Michael Tompkins, 50, a 23-year veteran, is on leave for a disability he says was created by the department's top leaders, who repeatedly demeaned him, retaliated against him, and undermined his authority.
As a result of the "defendants' discrimination and hostile work environment, plaintiff has been damaged," said the lawsuit, filed late Wednesday afternoon.
Four current and former police officials are named as well, accused of discriminating against white, middle-aged men whom officials wanted to purge from the payroll, according to the lawsuit, which seeks monetary compensation.
City officials either declined to comment or did not return calls for comment.
It is the latest of several lawsuits pending against the police department that include similar allegations of discrimination and a hostile work environment, including one filed by a commander whose trial is under way in Camden County Superior Court.
The 500-member department, which polices a city ranked with the highest crime rate in the nation, has seen five leadership changes in five years.
According to Tompkins' lawsuit, his troubles began in 2006, when the city hired Arturo Venegas, a retired police chief from Sacramento, Calif., as a civilian executive to oversee the Camden Police Department.

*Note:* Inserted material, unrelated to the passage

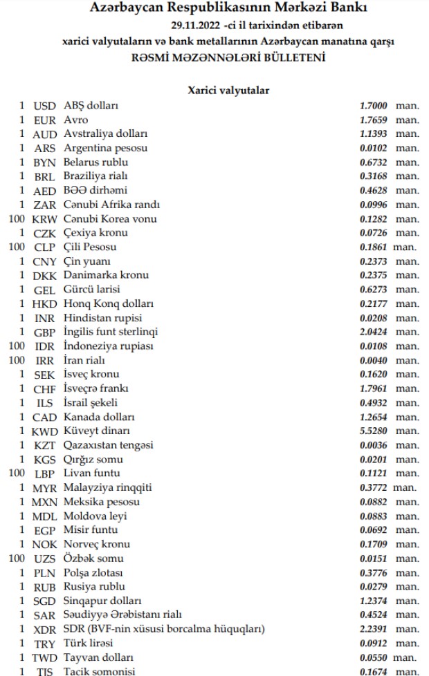 Dolların bazar ertəsi üçün rəsmi məzənnəsi müəyyən olunub

"Almost immediately upon assuming his position . . . Venegas began to discriminate against [Tompkins], based upon plaintiff's status as a middle-aged white Caucasian male," the lawsuit alleges, adding the discrimination continued under Chief Scott Thompson after Venegas left.
Venegas resigned from the $170,000-a-year job after 17 months.
Venegas could not be reached for comment. Thompson did not respond to messages for comment and police department spokeswoman Teresa Sicard Archambeault referred questions to the city attorney, who did not return calls.
According to the lawsuit, when Tompkins voiced concern about other white males being passed over for promotion for positions filled with minorities, the leadership began retaliating against him with disciplinary actions, one time suspending him for six months.
Prior to 2006, the lawsuit said, Tompkins had a clean record with the department.
"Venegas continued to engage in hostile, threatening, and abusive conduct," the lawsuit said. "Routinely speaking to him in a condescending and derogatory manner, repeatedly threatening to fire the plaintiff, having expressed such threats in plaintiff's presence on at least four occasions."
On another occasion, Tompkins was told by another official he was "getting old" and a new statute would allow the city to fire those who were not doing their jobs, the lawsuit said. Tompkins' office was given to another commander while Tompkins was reassigned to a smaller office not properly equipped and infested with ants, the lawsuit said.